February 24, 2015

Obama vetoes #KeystoneXL bill — what's next?

President Obama's veto of the KeystoneXL bill from Congress isn't surprising. And on narrow grounds, of Congress trying to dictate foreign policy, it's the right move. That's doubly true with Speaker of the House John Boehner's invitation to Israeli Prime Minister Bibi Netanyahu to address Congress coming at about the same time the Keystone bill passed.

But, barring a more in-depth veto statement, it's possibly not the best big-picture move.

I suggested a couple of weeks ago that Obama should make such a statement, pledging to pass a similar bill if it were tied to a carbon tariff and carbon tax.

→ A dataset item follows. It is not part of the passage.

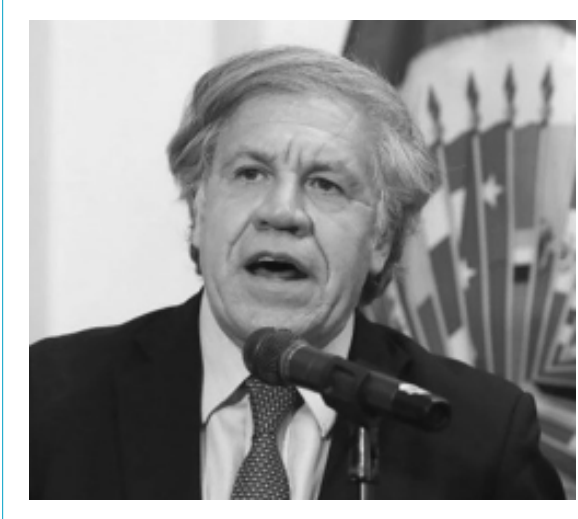
Luis Almagro, Secretario OEA aliado de Ortega

Today's announcement story explains why:
Last year, an 11-volume environmental impact review by the State Department concluded that oil extracted from the Canadian oil sands produced about 17 percent more carbon pollution than conventionally extracted oil.
There's the justification for a carbon tariff, which would require a domestic carbon tax.

The AP notes that Obama's veto was without fanfare. Well, per my angle, it should have had some fanfare indeed.

That said, as I also noted in that previous blog post, the State Department has said that Alberta tar sands oil will be sold — and delivered — somewhere, somehow, with or without the current pipeline. Work is underway to build an all-Canada pipeline to Quebec; work is struggling to send another pipeline west to British Columbia. And tar sands oil is already coming into the U.S. by rail, claims of some environmentalists to the contrary notwithstanding, as well as by more circuitous pipeline routes.

Beyond that, environmentalists with brains know not to pin too much hope on Obama.

His "all of the above" hydrocarbons strategy has bent, folded, spindled and mutilated the Endangered Species Act, as with the dunes sagebrush lizard.

And, at the same time his administration expanded protection in the Arctic National Wildlife Refuge, it announced plenty of drilling leases in the Arctic Ocean, as Greenpeace notes.

And, note the "no fanfare" in the AP story link.

In other words, President Obama can often be an "on the one hand" environmentalist.

And, as I noted in my link from my previous blog post, he's also not a "big picture" president. Of course, that's neoliberal incrementalism in general.